- Belgian poster
- Directed by: Luigi Comencini
- Written by: Luigi Comencini Ettore Margadonna
- Produced by: Marcello Girosi
- Starring: Vittorio De Sica Gina Lollobrigida
- Cinematography: Arturo Gallea
- Edited by: Mario Serandrei
- Music by: Alessandro Cicognini
- Distributed by: Titanus
- Release date: 6 December 1954;
- Running time: 97 minutes
- Country: Italy
- Language: Italian

= Bread, Love and Jealousy =

Bread, Love and Jealousy (Pane, amore e gelosia), known as Frisky in the US, is a 1954 Italian romantic comedy film directed by Luigi Comencini. It is the second part of the Italian trilogy, preceded by Bread, Love and Dreams and followed by Scandal in Sorrento.

==Plot==
Antonio (Vittorio De Sica) is in love with the midwife Annarella (Marisa Merlini), knowing that she has a son. Both of them are in love with each other, until the father of the kid, who also serves in the military, appears and, with the help of the priest Don Emidio (Virgilio Riento), is reunited with his son.

Having to spend the next twenty months far from the village, Pietro (Roberto Risso) asks the marshal to take care of Maria (Gina Lollobrigida). Despite not being happy to spend time with the captain, because of her poverty and her need to collect the dowry, she goes to serve at the marshal’s house, since his maid, Caramella (Tina Pica), is ill.

The villagers start spreading gossips about the marshal and Maria, which will reach to Pietro too. One day, during a lunch at the house of Maria's cousin, the marshal dances with her and is seen by both Pietro and Annarella. Seeing them dancing intimately, Maria and Pietro break up. As the relationship is over, Maria leaves the house and joins a dancing group. Her mother asks the marshal to help her, saying that she is under-aged.
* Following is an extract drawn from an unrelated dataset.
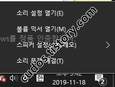 윈도우 바탕화면 오른쪽 하단에 스피커모양이 있습니다. 해당 스피커모양에 마우스 우클릭을 하신 후
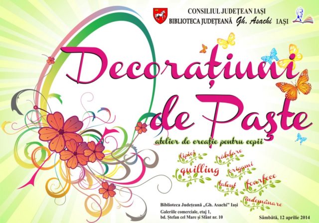 Sâmbătă, 12 aprilie 2014, voluntarele bibliotecii, Cristina Adam şi Ştefania Munteanu, vă aşteaptă la un nou atelier de creaţie pentru copii între 7 şi 11 ani. De data aceasta, tema atelierului este: Decoraţiuni de Paşte. Folosind tehnicile origami şi quilling, hârtie colorată, foarfece, lipici şi, mai ales, multă îndemânare şi răbdare, veţi meşteri, ajutaţi de cele două voluntare, un coşuleţ decorativ care vă va înveseli casa de sărbători.

When the marshal goes for an enquiry, the owner of the dance company convinces the mother of Maria with money, while the marshal discovers that she is not actually under age. Maria tries to seduce the marshal but without success.

Finally Pietro and Maria will be reunited and will leave the village. The marshal comes wave them goodbye at the station. While going back, he meets a middle aged spinster who's going to the village as the new midwife.

== Cast ==
- Vittorio De Sica as Antonio Carotenuto
- Gina Lollobrigida as Maria De Ritis
- Marisa Merlini as Annarella Mirziano
- Maria-Pia Casilio as Paoletta
- Virgilio Riento as Don Emidio
- Tina Pica as Caramella
- Tecla Scarano as Teresinella
- Saro Urzì as Don Nicola, il capocomico
- Roberto Risso as Pietro Stelluti
- Memmo Carotenuto as Sirio Baiocchi
- Vittoria Crispo as Maria Antonia De Ritis

==Overview and response==
Pane, amore e gelosia is usually considered one of the most famous examples of Pink neorealism. Tina Pica won the Nastro d'Argento as Best Supporting Actress for this film.